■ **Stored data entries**
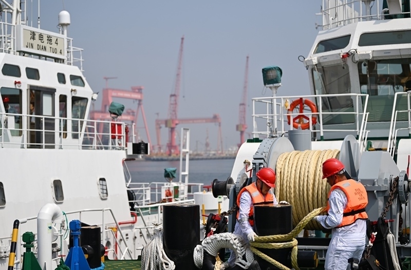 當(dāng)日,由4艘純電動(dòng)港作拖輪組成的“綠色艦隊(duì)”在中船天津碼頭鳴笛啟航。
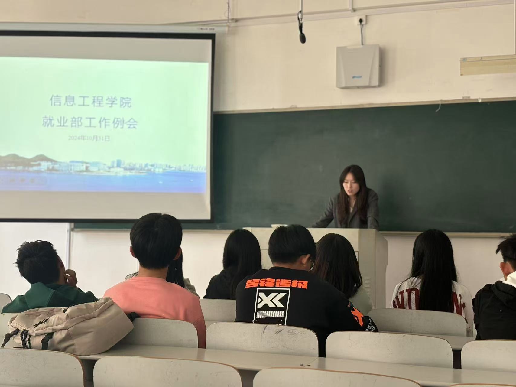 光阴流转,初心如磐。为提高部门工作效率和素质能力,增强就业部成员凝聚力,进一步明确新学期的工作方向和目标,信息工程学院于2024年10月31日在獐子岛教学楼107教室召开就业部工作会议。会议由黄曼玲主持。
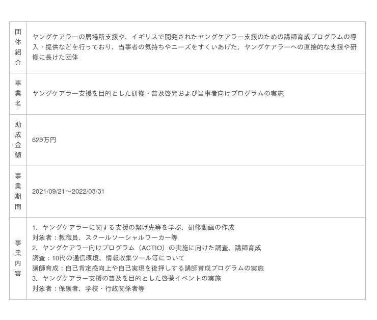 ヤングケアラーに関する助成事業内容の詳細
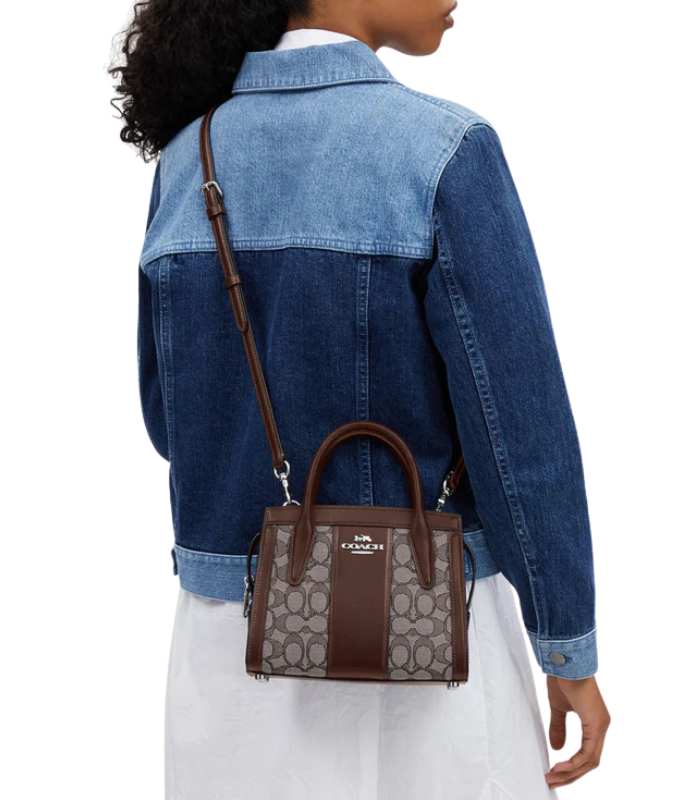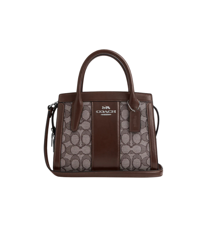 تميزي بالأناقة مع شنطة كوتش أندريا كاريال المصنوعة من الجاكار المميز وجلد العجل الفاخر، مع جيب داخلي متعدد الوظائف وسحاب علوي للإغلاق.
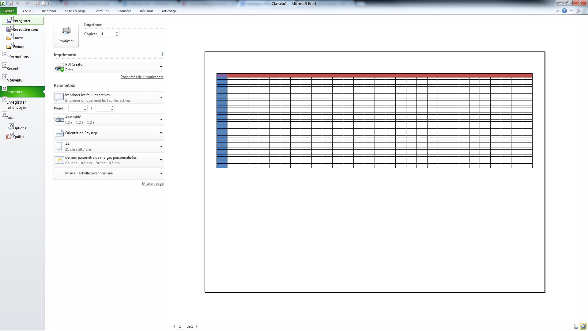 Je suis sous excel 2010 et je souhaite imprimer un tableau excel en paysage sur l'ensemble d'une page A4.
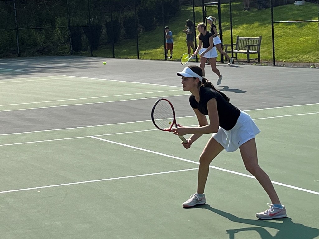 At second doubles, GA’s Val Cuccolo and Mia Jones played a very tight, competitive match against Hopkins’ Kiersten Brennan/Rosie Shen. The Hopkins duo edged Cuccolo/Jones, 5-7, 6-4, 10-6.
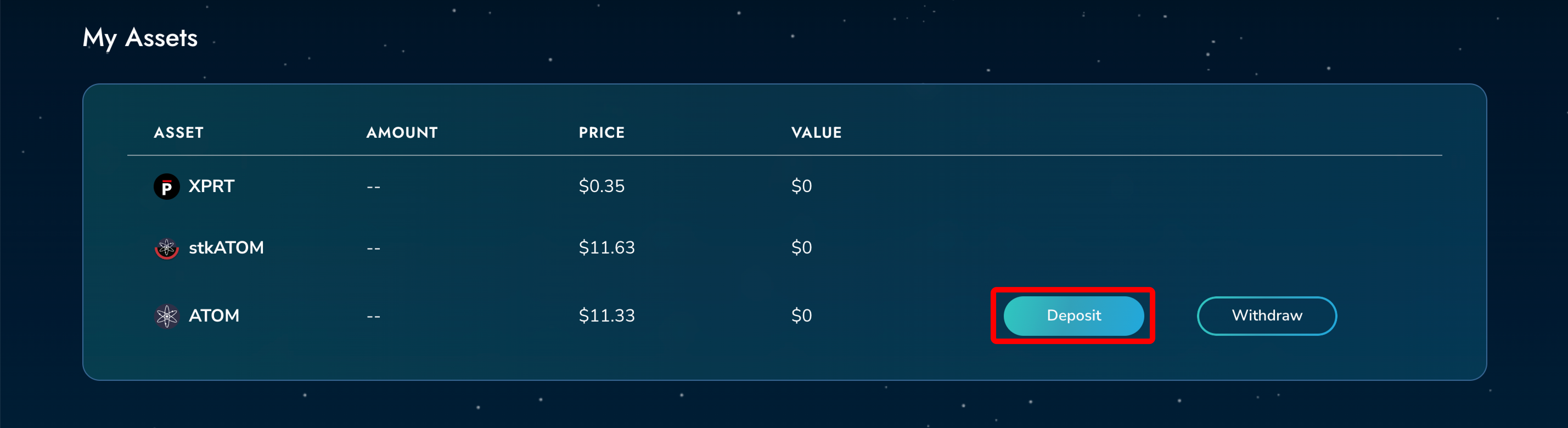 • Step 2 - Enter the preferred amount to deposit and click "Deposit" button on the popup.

■ **WHAT NEEDS TO BE DONE**
Output only the lines running from the top of the data above to the line with "At second doubles, GA’s", inclusive, word for word and without pictures.

■ **PROBLEM SOLUTION**
 當(dāng)日,由4艘純電動(dòng)港作拖輪組成的“綠色艦隊(duì)”在中船天津碼頭鳴笛啟航。
 光阴流转,初心如磐。为提高部门工作效率和素质能力,增强就业部成员凝聚力,进一步明确新学期的工作方向和目标,信息工程学院于2024年10月31日在獐子岛教学楼107教室召开就业部工作会议。会议由黄曼玲主持。
 ヤングケアラーに関する助成事業内容の詳細
 تميزي بالأناقة مع شنطة كوتش أندريا كاريال المصنوعة من الجاكار المميز وجلد العجل الفاخر، مع جيب داخلي متعدد الوظائف وسحاب علوي للإغلاق.
 Je suis sous excel 2010 et je souhaite imprimer un tableau excel en paysage sur l'ensemble d'une page A4.
 At second doubles, GA’s Val Cuccolo and Mia Jones played a very tight, competitive match against Hopkins’ Kiersten Brennan/Rosie Shen. The Hopkins duo edged Cuccolo/Jones, 5-7, 6-4, 10-6.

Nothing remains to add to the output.